§ **Dataset content**
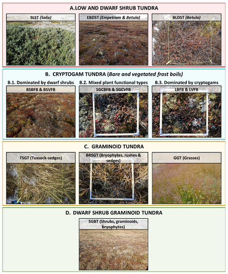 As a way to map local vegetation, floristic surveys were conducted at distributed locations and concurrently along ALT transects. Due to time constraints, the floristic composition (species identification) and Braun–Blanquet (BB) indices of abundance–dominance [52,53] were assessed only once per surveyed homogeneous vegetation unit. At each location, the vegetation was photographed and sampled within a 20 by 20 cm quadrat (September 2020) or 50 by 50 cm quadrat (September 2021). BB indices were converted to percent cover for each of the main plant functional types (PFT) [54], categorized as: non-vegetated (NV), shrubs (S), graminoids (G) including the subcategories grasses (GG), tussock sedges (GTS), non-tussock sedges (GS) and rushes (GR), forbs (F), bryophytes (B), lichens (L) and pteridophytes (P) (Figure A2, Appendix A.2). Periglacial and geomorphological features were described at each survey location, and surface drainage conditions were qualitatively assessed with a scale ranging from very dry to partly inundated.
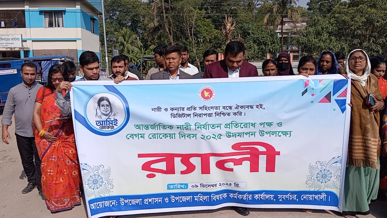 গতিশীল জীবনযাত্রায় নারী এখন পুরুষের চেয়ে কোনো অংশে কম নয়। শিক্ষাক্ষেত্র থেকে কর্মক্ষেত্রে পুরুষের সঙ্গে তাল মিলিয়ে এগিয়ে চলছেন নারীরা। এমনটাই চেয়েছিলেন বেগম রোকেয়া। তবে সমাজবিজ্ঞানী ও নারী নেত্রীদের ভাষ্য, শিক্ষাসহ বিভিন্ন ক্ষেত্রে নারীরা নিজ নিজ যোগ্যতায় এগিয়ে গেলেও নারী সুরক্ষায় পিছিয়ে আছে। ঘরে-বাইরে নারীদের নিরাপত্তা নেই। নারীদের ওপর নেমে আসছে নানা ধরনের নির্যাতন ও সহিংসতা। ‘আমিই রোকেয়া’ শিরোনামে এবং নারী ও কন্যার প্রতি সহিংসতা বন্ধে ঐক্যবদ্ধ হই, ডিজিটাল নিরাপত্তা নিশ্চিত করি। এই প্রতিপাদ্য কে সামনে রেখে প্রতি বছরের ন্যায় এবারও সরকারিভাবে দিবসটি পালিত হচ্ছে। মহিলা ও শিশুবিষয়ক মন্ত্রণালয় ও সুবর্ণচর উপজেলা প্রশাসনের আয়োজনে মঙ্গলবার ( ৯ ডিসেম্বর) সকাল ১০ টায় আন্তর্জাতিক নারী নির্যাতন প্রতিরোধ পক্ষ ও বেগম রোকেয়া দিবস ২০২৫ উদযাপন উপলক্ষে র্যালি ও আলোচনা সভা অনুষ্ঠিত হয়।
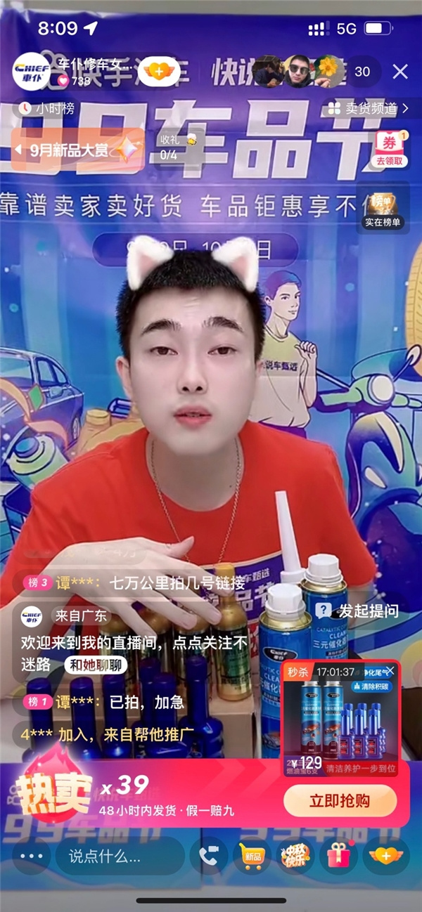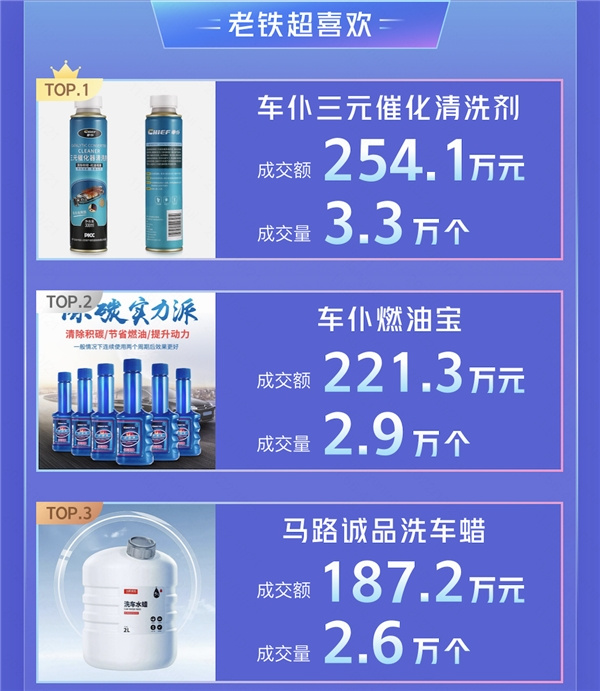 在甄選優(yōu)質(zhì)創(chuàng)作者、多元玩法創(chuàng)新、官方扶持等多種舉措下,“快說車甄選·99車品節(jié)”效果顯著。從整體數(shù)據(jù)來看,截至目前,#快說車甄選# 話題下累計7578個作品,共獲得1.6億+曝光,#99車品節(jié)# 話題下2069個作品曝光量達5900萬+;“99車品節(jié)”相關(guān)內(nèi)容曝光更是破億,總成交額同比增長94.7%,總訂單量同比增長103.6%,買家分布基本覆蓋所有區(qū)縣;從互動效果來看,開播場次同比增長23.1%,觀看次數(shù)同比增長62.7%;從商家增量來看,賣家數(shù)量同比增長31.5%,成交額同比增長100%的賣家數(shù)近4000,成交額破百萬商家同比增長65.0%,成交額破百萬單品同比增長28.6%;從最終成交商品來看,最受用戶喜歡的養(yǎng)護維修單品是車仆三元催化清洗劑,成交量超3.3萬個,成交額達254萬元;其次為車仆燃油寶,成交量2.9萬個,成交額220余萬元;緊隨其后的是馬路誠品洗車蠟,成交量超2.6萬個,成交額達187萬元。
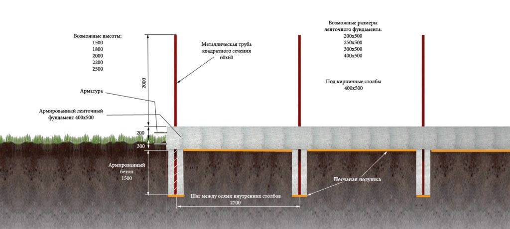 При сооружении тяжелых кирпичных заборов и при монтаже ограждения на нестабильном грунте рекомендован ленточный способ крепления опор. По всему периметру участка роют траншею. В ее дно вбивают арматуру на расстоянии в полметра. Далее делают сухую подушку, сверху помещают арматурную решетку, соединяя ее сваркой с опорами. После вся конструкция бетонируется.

§ **Problem to work on**
With the pictures omitted, the material is to be transcribed exactly.

§ **Answer box**
 As a way to map local vegetation, floristic surveys were conducted at distributed locations and concurrently along ALT transects. Due to time constraints, the floristic composition (species identification) and Braun–Blanquet (BB) indices of abundance–dominance [52,53] were assessed only once per surveyed homogeneous vegetation unit. At each location, the vegetation was photographed and sampled within a 20 by 20 cm quadrat (September 2020) or 50 by 50 cm quadrat (September 2021). BB indices were converted to percent cover for each of the main plant functional types (PFT) [54], categorized as: non-vegetated (NV), shrubs (S), graminoids (G) including the subcategories grasses (GG), tussock sedges (GTS), non-tussock sedges (GS) and rushes (GR), forbs (F), bryophytes (B), lichens (L) and pteridophytes (P) (Figure A2, Appendix A.2). Periglacial and geomorphological features were described at each survey location, and surface drainage conditions were qualitatively assessed with a scale ranging from very dry to partly inundated.
 গতিশীল জীবনযাত্রায় নারী এখন পুরুষের চেয়ে কোনো অংশে কম নয়। শিক্ষাক্ষেত্র থেকে কর্মক্ষেত্রে পুরুষের সঙ্গে তাল মিলিয়ে এগিয়ে চলছেন নারীরা। এমনটাই চেয়েছিলেন বেগম রোকেয়া। তবে সমাজবিজ্ঞানী ও নারী নেত্রীদের ভাষ্য, শিক্ষাসহ বিভিন্ন ক্ষেত্রে নারীরা নিজ নিজ যোগ্যতায় এগিয়ে গেলেও নারী সুরক্ষায় পিছিয়ে আছে। ঘরে-বাইরে নারীদের নিরাপত্তা নেই। নারীদের ওপর নেমে আসছে নানা ধরনের নির্যাতন ও সহিংসতা। ‘আমিই রোকেয়া’ শিরোনামে এবং নারী ও কন্যার প্রতি সহিংসতা বন্ধে ঐক্যবদ্ধ হই, ডিজিটাল নিরাপত্তা নিশ্চিত করি। এই প্রতিপাদ্য কে সামনে রেখে প্রতি বছরের ন্যায় এবারও সরকারিভাবে দিবসটি পালিত হচ্ছে। মহিলা ও শিশুবিষয়ক মন্ত্রণালয় ও সুবর্ণচর উপজেলা প্রশাসনের আয়োজনে মঙ্গলবার ( ৯ ডিসেম্বর) সকাল ১০ টায় আন্তর্জাতিক নারী নির্যাতন প্রতিরোধ পক্ষ ও বেগম রোকেয়া দিবস ২০২৫ উদযাপন উপলক্ষে র্যালি ও আলোচনা সভা অনুষ্ঠিত হয়।
 在甄選優(yōu)質(zhì)創(chuàng)作者、多元玩法創(chuàng)新、官方扶持等多種舉措下,“快說車甄選·99車品節(jié)”效果顯著。從整體數(shù)據(jù)來看,截至目前,#快說車甄選# 話題下累計7578個作品,共獲得1.6億+曝光,#99車品節(jié)# 話題下2069個作品曝光量達5900萬+;“99車品節(jié)”相關(guān)內(nèi)容曝光更是破億,總成交額同比增長94.7%,總訂單量同比增長103.6%,買家分布基本覆蓋所有區(qū)縣;從互動效果來看,開播場次同比增長23.1%,觀看次數(shù)同比增長62.7%;從商家增量來看,賣家數(shù)量同比增長31.5%,成交額同比增長100%的賣家數(shù)近4000,成交額破百萬商家同比增長65.0%,成交額破百萬單品同比增長28.6%;從最終成交商品來看,最受用戶喜歡的養(yǎng)護維修單品是車仆三元催化清洗劑,成交量超3.3萬個,成交額達254萬元;其次為車仆燃油寶,成交量2.9萬個,成交額220余萬元;緊隨其后的是馬路誠品洗車蠟,成交量超2.6萬個,成交額達187萬元。
 При сооружении тяжелых кирпичных заборов и при монтаже ограждения на нестабильном грунте рекомендован ленточный способ крепления опор. По всему периметру участка роют траншею. В ее дно вбивают арматуру на расстоянии в полметра. Далее делают сухую подушку, сверху помещают арматурную решетку, соединяя ее сваркой с опорами. После вся конструкция бетонируется.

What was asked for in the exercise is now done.